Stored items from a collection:
┏━━
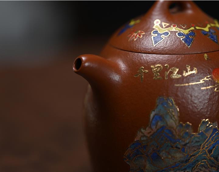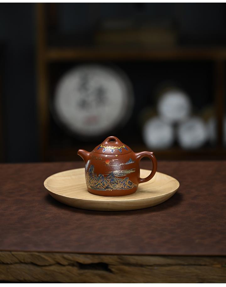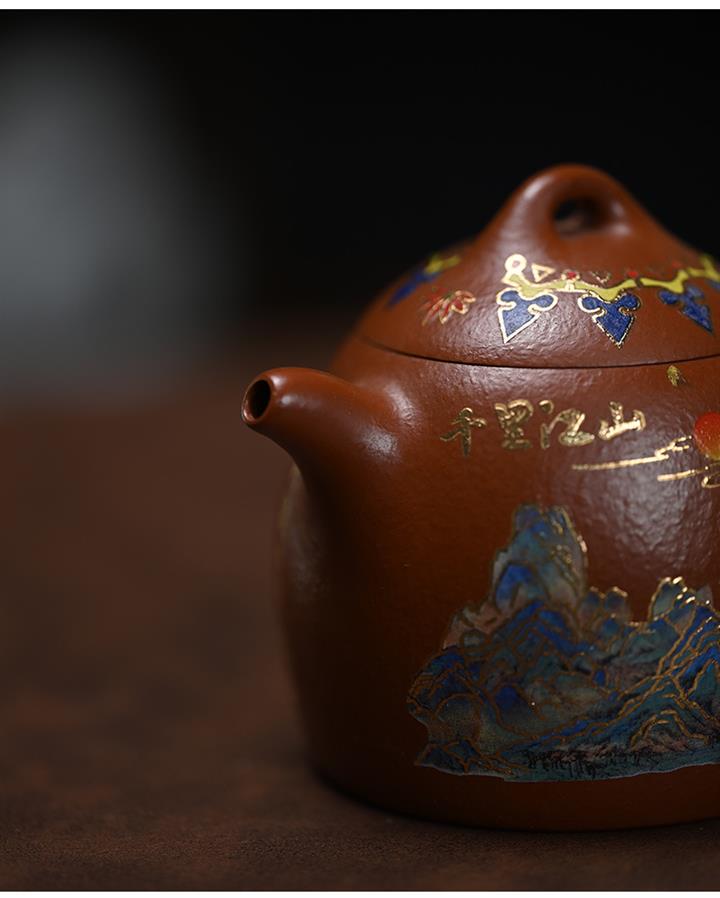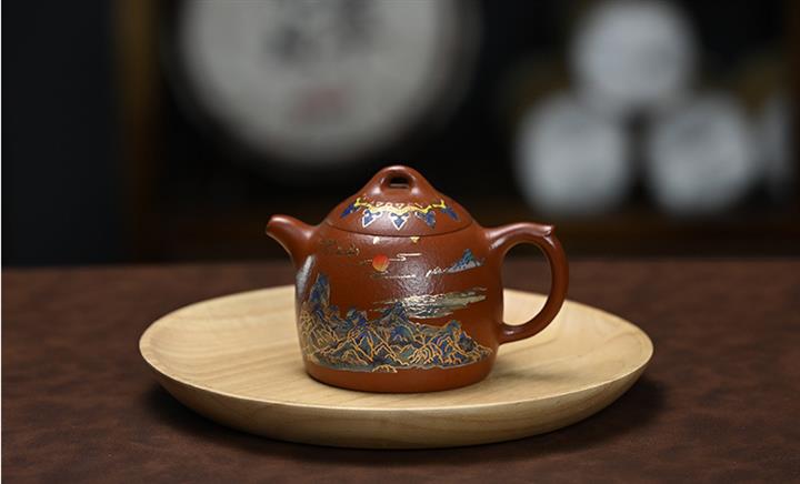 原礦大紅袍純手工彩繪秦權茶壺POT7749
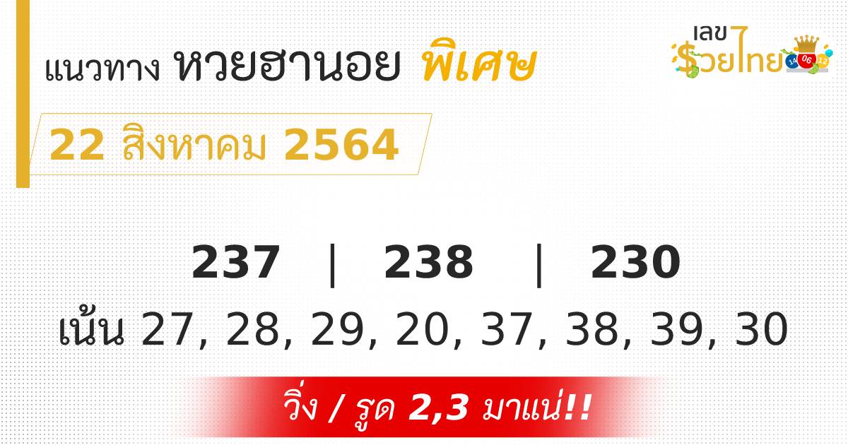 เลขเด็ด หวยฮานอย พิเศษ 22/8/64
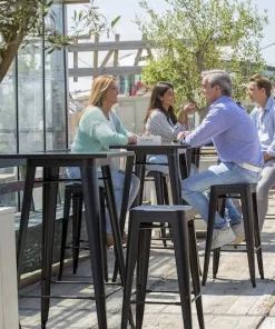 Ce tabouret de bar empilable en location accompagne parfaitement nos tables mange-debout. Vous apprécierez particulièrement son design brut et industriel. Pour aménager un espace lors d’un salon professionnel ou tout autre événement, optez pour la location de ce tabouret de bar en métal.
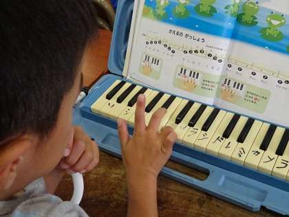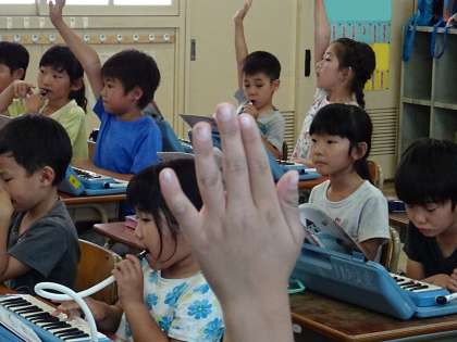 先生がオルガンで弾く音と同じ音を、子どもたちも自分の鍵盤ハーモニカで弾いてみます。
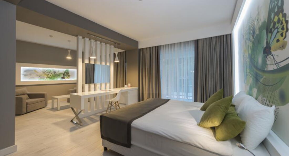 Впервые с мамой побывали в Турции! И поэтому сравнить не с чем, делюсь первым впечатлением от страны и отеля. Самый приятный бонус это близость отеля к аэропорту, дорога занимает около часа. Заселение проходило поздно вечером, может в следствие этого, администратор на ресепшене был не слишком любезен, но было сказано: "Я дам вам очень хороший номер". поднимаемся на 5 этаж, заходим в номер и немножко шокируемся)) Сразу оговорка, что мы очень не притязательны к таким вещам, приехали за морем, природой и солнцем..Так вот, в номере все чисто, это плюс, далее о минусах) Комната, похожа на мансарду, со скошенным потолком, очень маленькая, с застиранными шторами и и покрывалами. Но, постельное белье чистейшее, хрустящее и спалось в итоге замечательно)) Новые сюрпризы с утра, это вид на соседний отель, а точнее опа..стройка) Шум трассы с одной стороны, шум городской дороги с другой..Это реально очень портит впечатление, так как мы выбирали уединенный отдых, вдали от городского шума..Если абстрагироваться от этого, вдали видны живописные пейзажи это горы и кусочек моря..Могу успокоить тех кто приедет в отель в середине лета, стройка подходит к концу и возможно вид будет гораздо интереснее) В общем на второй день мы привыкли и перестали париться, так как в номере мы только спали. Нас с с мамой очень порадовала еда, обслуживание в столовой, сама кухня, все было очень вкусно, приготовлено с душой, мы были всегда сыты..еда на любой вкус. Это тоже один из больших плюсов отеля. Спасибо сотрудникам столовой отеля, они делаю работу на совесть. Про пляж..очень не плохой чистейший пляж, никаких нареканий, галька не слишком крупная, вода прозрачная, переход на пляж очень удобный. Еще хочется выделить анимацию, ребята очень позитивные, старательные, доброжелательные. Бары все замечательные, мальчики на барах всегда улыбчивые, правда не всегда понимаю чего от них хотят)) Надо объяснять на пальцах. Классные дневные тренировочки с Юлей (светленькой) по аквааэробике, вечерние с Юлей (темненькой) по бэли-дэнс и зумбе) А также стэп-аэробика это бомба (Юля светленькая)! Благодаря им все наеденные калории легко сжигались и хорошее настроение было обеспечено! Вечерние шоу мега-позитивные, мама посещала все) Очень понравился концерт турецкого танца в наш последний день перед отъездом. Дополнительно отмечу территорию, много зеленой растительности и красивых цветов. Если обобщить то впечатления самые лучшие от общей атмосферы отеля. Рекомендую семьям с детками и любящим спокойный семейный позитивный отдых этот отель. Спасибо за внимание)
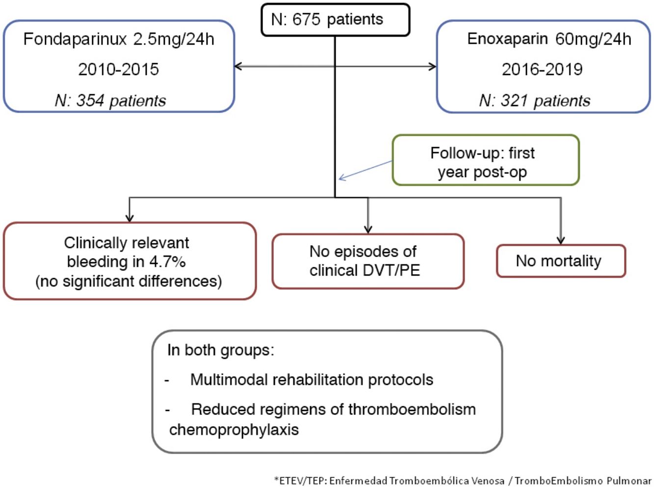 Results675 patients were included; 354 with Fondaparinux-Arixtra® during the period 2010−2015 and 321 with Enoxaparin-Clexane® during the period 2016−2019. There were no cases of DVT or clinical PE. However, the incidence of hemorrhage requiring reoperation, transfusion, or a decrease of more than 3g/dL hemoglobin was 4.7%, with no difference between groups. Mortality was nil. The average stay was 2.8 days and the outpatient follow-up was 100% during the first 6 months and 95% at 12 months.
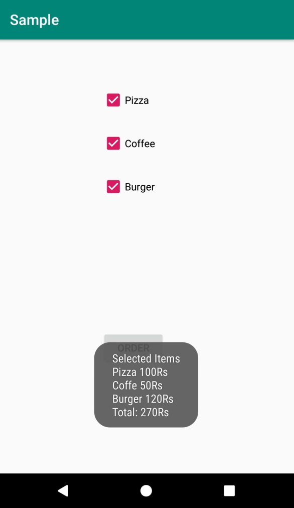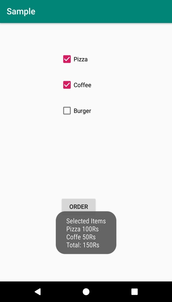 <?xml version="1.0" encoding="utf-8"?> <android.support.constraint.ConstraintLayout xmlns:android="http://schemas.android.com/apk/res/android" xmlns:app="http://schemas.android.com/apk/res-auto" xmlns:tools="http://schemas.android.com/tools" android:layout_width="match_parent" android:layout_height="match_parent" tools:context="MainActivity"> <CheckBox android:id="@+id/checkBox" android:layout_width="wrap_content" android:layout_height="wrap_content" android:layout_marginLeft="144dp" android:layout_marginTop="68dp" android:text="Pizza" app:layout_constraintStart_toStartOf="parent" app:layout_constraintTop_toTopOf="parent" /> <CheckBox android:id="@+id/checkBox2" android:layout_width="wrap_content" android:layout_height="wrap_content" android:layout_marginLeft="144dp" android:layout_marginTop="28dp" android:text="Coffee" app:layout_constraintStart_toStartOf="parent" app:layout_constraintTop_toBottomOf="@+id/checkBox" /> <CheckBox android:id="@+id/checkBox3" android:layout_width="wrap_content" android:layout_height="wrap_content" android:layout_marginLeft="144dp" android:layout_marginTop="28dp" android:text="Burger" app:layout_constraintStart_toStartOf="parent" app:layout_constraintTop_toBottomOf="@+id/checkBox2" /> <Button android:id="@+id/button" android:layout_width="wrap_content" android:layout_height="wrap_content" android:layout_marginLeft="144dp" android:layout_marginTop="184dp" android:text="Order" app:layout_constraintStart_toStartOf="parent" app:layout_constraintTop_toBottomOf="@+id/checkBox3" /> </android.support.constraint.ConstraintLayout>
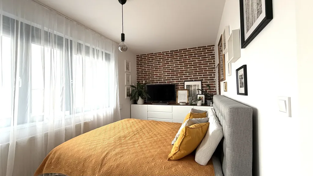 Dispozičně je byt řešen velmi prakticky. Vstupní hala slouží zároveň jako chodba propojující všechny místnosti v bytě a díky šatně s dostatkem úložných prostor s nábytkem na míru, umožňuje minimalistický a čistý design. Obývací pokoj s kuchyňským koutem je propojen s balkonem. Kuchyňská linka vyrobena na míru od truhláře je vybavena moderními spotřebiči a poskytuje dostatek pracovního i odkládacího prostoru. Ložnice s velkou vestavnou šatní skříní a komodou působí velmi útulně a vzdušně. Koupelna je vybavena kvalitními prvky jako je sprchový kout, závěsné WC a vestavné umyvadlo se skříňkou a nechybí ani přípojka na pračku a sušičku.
┗━━
YOUR GOAL =>
Starting at the first line of the records and stopping after the line with "先生がオルガンで弾く音と同じ", copy each line exactly; pictures stay out.

YOUR RESPONSE =>
 原礦大紅袍純手工彩繪秦權茶壺POT7749
 เลขเด็ด หวยฮานอย พิเศษ 22/8/64
 Ce tabouret de bar empilable en location accompagne parfaitement nos tables mange-debout. Vous apprécierez particulièrement son design brut et industriel. Pour aménager un espace lors d’un salon professionnel ou tout autre événement, optez pour la location de ce tabouret de bar en métal.
 先生がオルガンで弾く音と同じ音を、子どもたちも自分の鍵盤ハーモニカで弾いてみます。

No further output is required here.